**Work required:** Nothing but the lines from the top of the records through the line with "Carta da parati" should be returned, exactly, and without pictures.

**Data provided:**
● ● ● ● ● ● ●

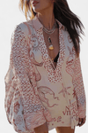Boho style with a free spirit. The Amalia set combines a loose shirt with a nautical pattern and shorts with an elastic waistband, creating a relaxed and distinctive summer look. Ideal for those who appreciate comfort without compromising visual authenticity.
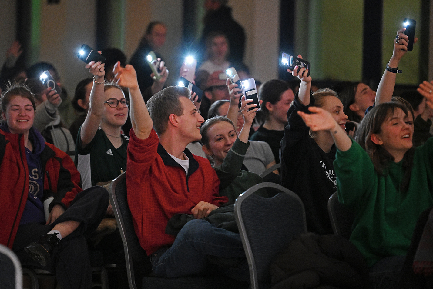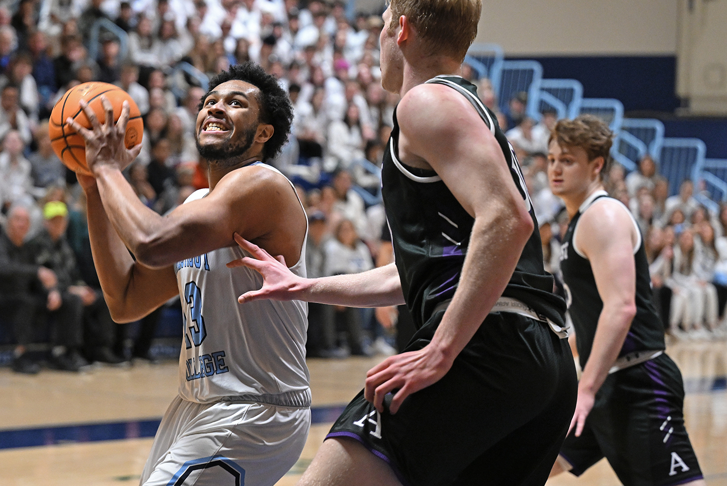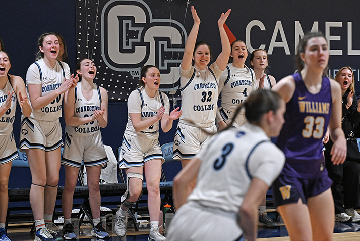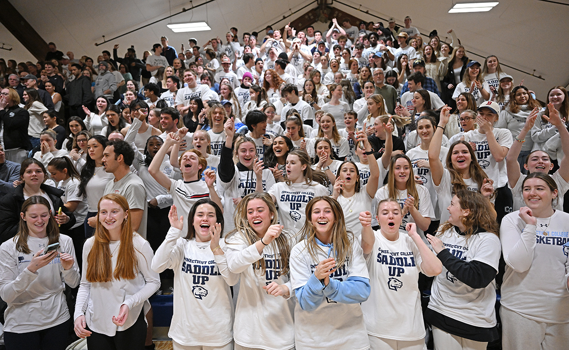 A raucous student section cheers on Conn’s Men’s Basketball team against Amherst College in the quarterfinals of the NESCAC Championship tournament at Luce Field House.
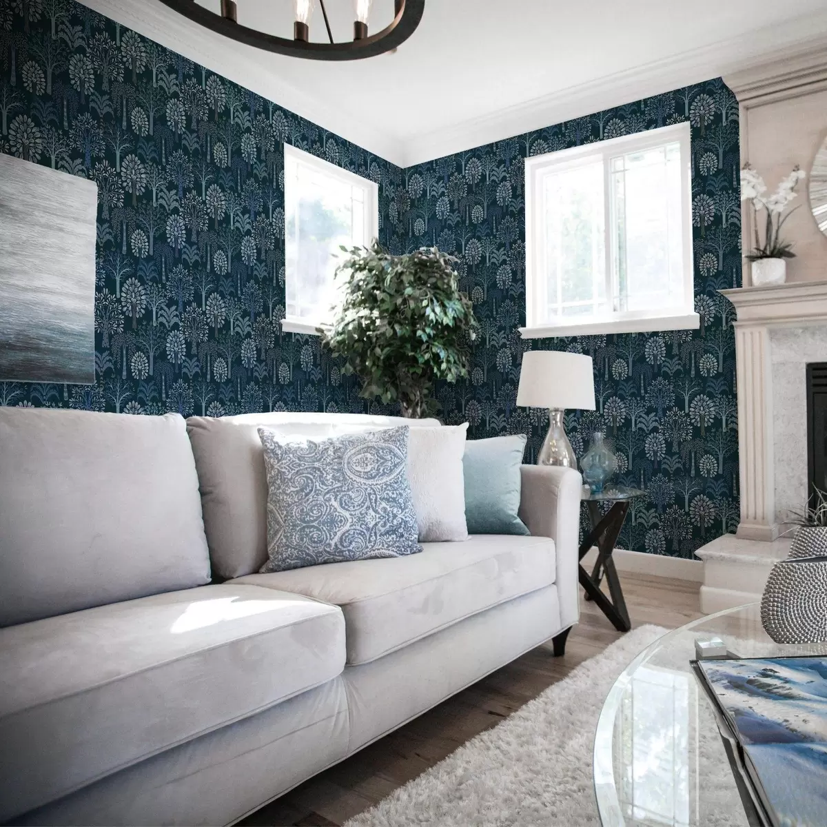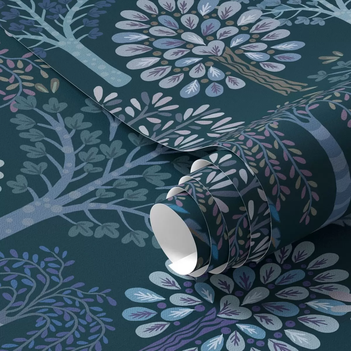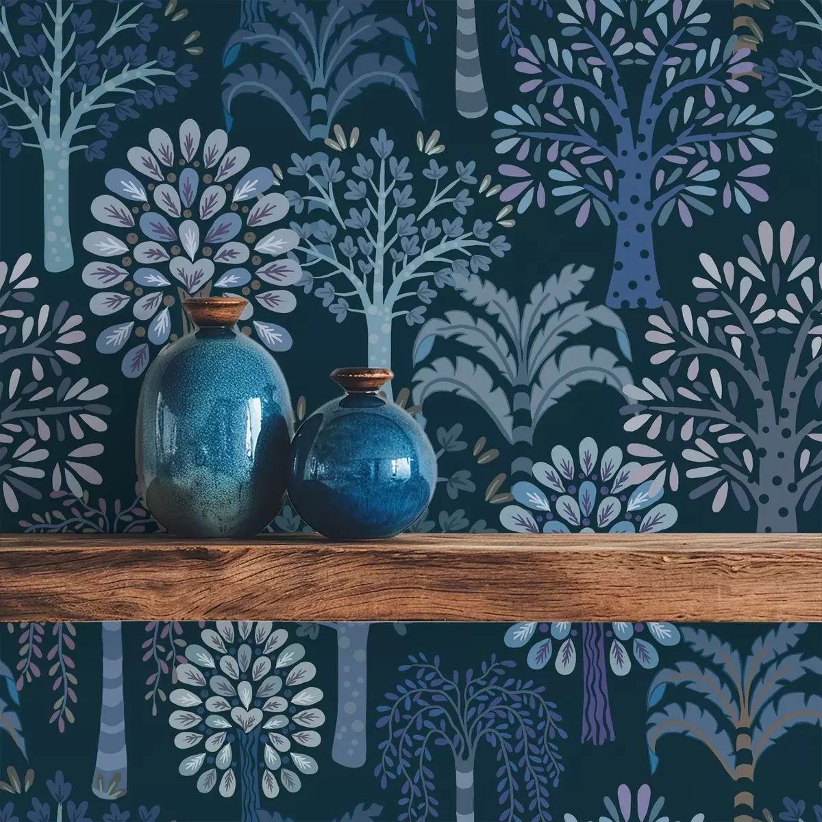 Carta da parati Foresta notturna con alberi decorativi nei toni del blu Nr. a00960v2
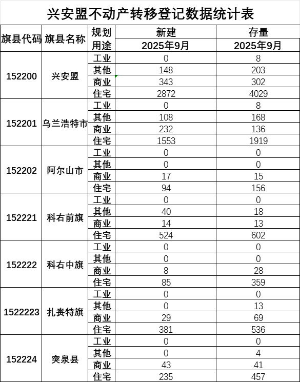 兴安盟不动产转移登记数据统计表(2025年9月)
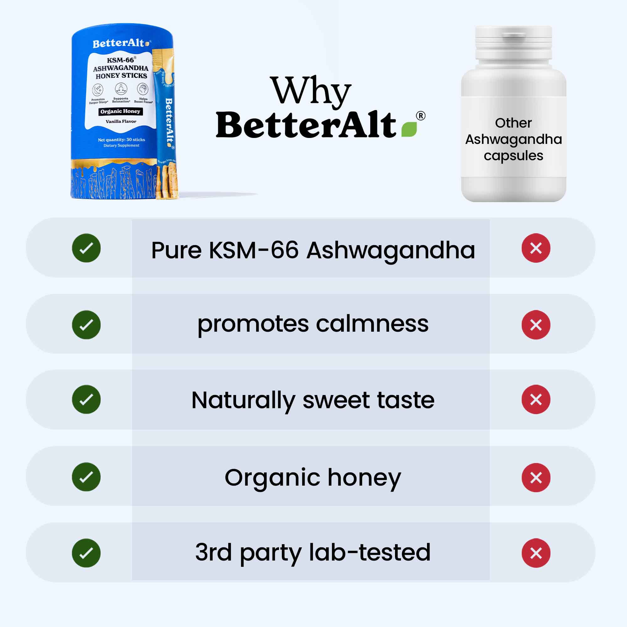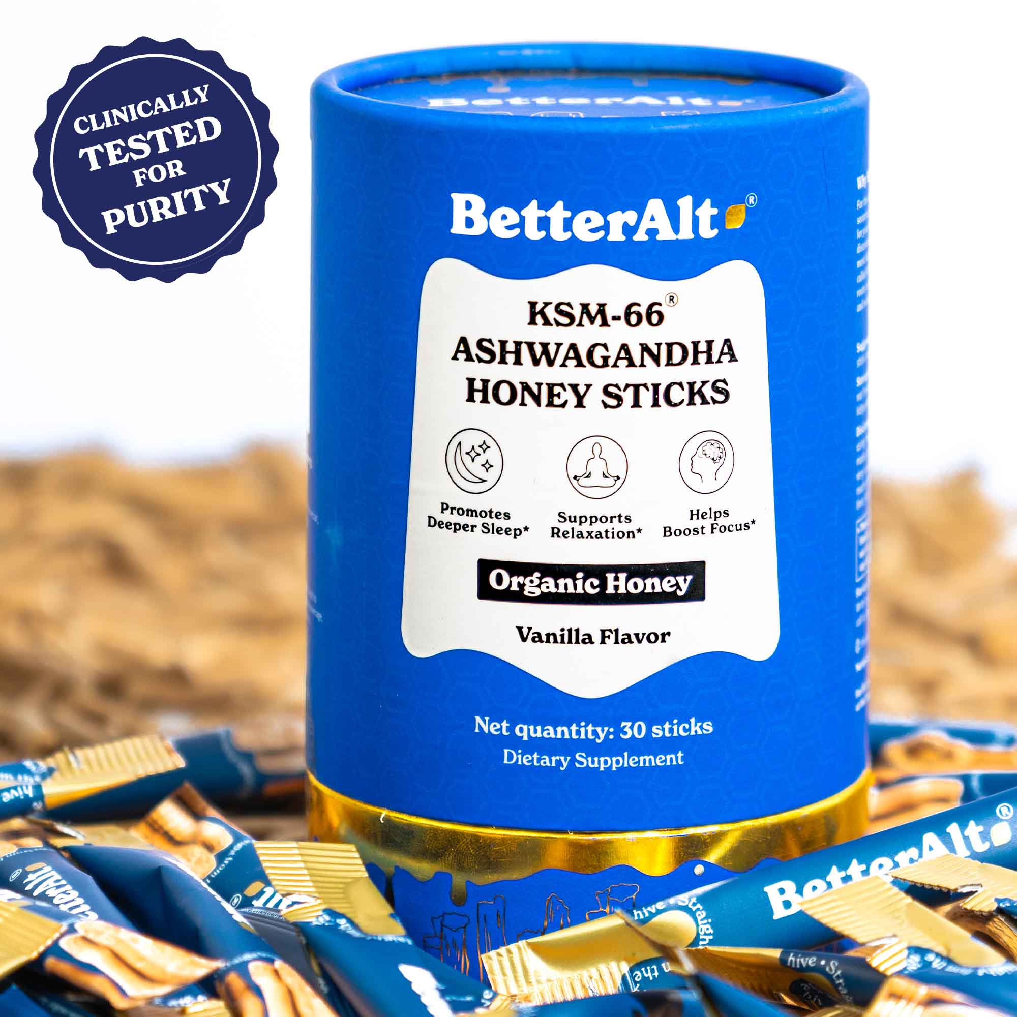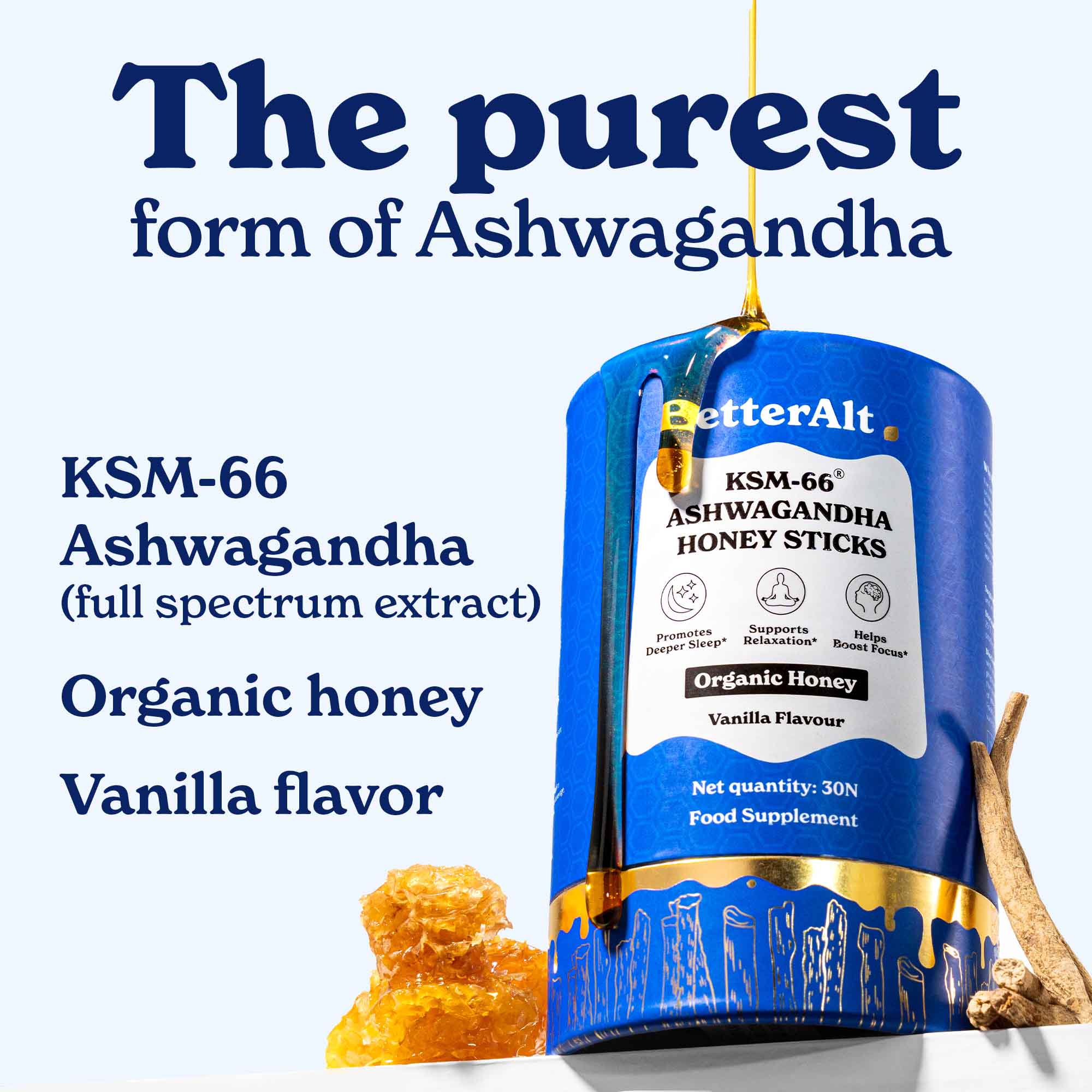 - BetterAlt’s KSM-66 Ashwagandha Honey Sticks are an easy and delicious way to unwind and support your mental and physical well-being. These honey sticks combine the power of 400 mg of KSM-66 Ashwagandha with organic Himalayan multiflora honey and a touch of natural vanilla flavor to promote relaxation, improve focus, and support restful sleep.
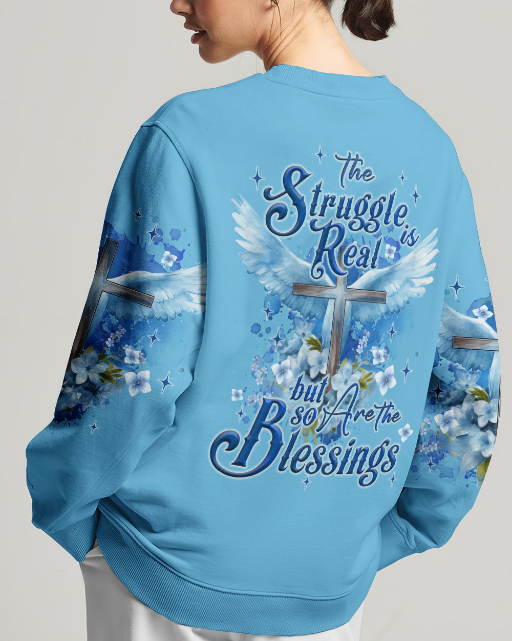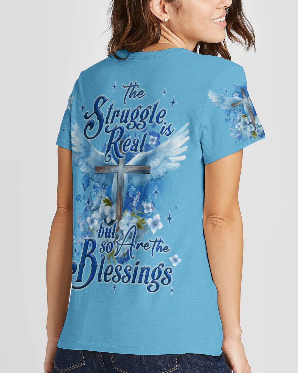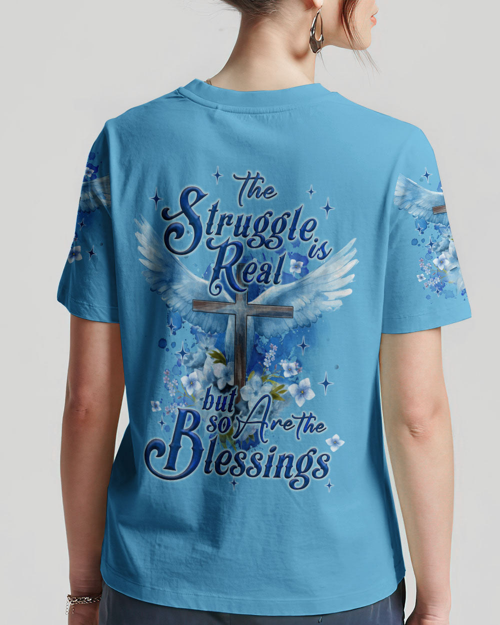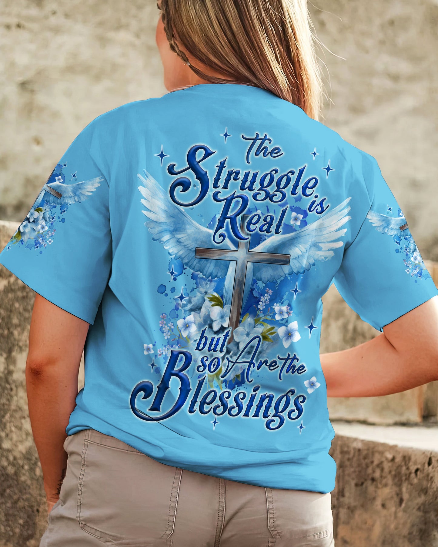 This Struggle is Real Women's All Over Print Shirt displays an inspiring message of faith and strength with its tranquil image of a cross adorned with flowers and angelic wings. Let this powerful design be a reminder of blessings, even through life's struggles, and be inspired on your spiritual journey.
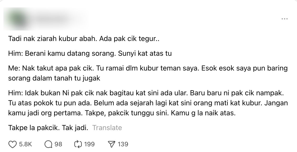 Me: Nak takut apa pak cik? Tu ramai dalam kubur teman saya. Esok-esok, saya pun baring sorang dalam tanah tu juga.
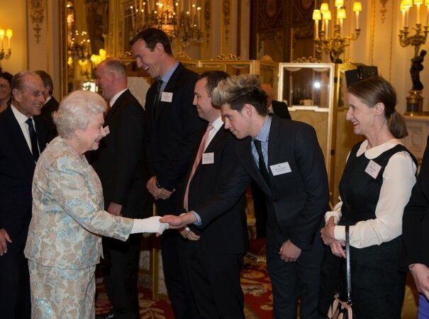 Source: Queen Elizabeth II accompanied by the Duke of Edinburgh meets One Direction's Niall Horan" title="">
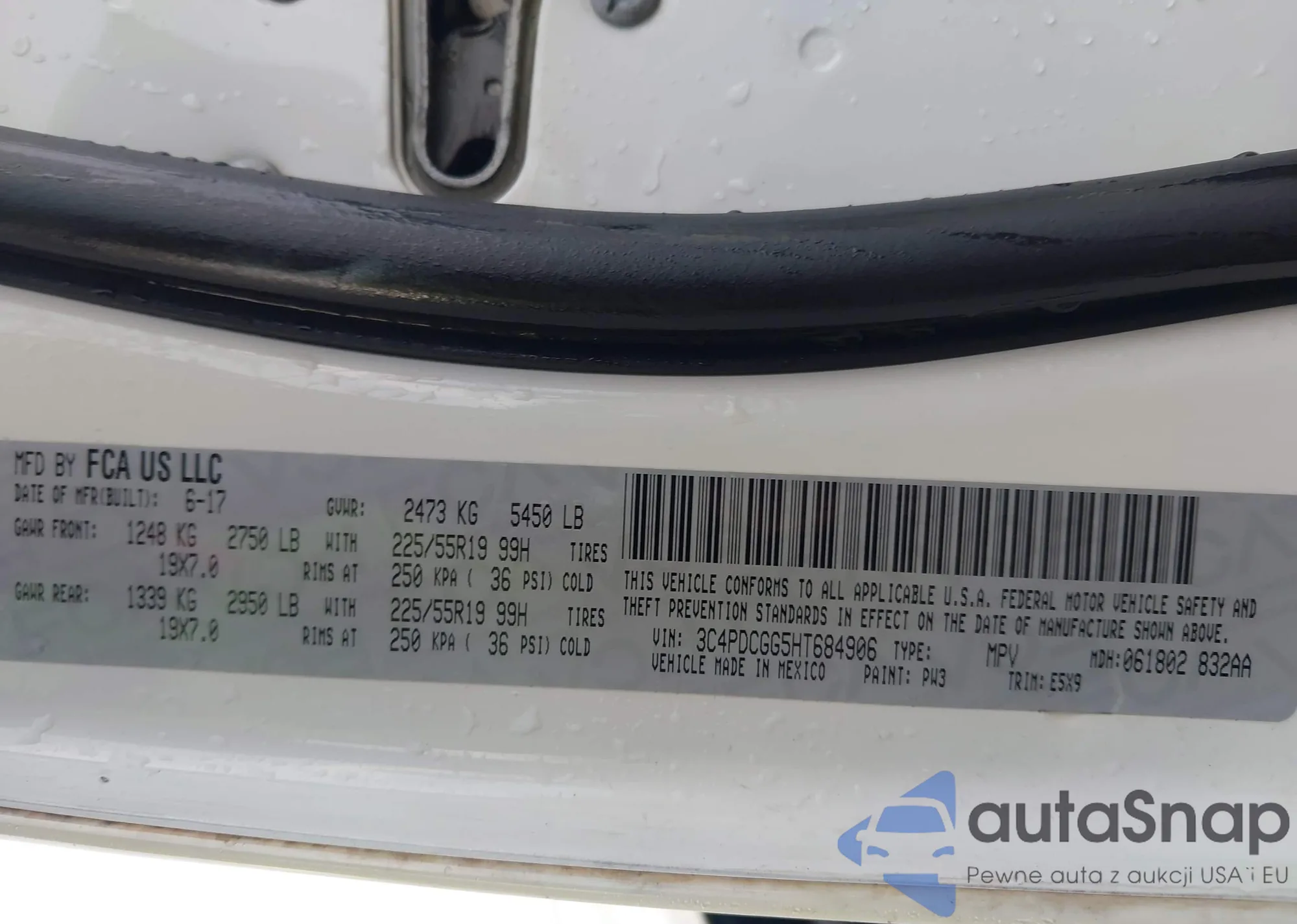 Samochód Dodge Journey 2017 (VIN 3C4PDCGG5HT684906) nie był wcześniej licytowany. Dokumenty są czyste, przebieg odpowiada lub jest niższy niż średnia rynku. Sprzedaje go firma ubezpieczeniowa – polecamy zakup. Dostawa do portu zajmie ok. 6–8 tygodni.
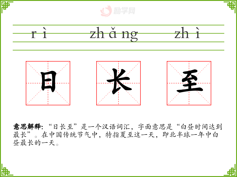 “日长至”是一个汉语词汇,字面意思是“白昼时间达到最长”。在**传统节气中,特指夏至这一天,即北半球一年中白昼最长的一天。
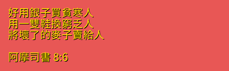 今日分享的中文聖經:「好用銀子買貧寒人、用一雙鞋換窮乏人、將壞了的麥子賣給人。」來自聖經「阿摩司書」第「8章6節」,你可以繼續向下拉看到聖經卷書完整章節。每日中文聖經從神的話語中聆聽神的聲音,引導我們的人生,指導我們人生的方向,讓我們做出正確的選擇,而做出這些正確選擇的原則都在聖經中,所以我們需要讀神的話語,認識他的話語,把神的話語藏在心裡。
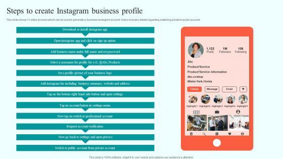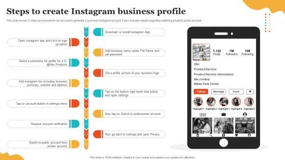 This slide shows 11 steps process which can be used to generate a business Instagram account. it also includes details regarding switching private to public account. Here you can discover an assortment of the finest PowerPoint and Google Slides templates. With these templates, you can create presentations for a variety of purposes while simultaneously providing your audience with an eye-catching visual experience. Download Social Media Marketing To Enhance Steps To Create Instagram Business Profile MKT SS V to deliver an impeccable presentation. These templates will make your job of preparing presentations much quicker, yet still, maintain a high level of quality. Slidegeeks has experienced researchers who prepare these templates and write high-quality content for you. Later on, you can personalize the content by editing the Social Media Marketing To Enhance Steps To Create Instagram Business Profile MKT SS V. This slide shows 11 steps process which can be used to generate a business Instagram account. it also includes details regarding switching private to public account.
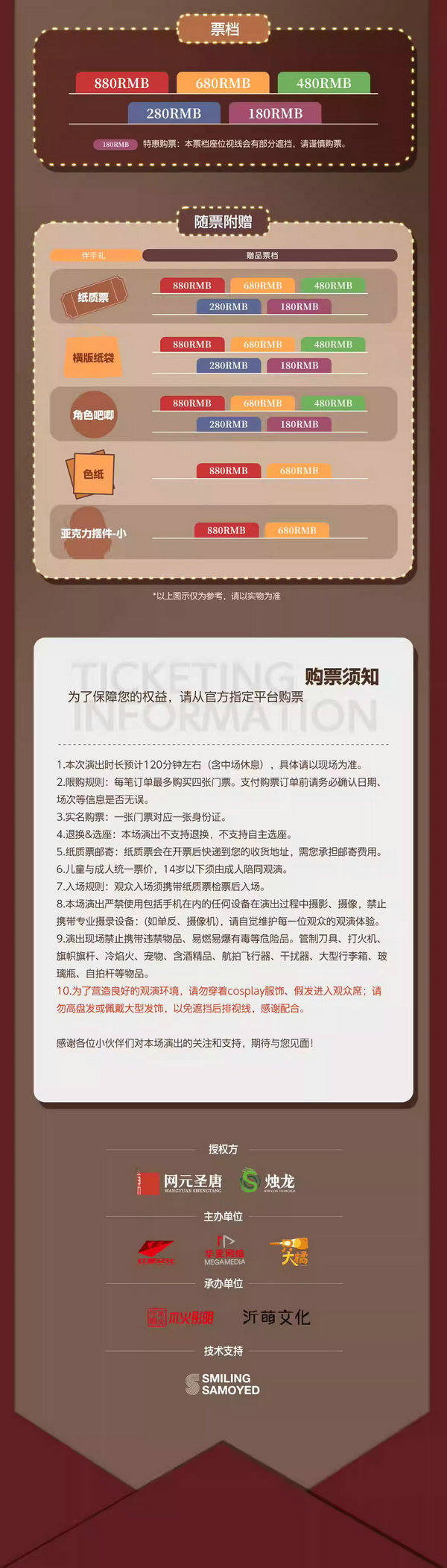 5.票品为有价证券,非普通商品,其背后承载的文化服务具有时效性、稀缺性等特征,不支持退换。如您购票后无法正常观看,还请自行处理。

● ● ● ● ● ● ●

**Answer to this task:**
Boho style with a free spirit. The Amalia set combines a loose shirt with a nautical pattern and shorts with an elastic waistband, creating a relaxed and distinctive summer look. Ideal for those who appreciate comfort without compromising visual authenticity.
 A raucous student section cheers on Conn’s Men’s Basketball team against Amherst College in the quarterfinals of the NESCAC Championship tournament at Luce Field House.
 Carta da parati Foresta notturna con alberi decorativi nei toni del blu Nr. a00960v2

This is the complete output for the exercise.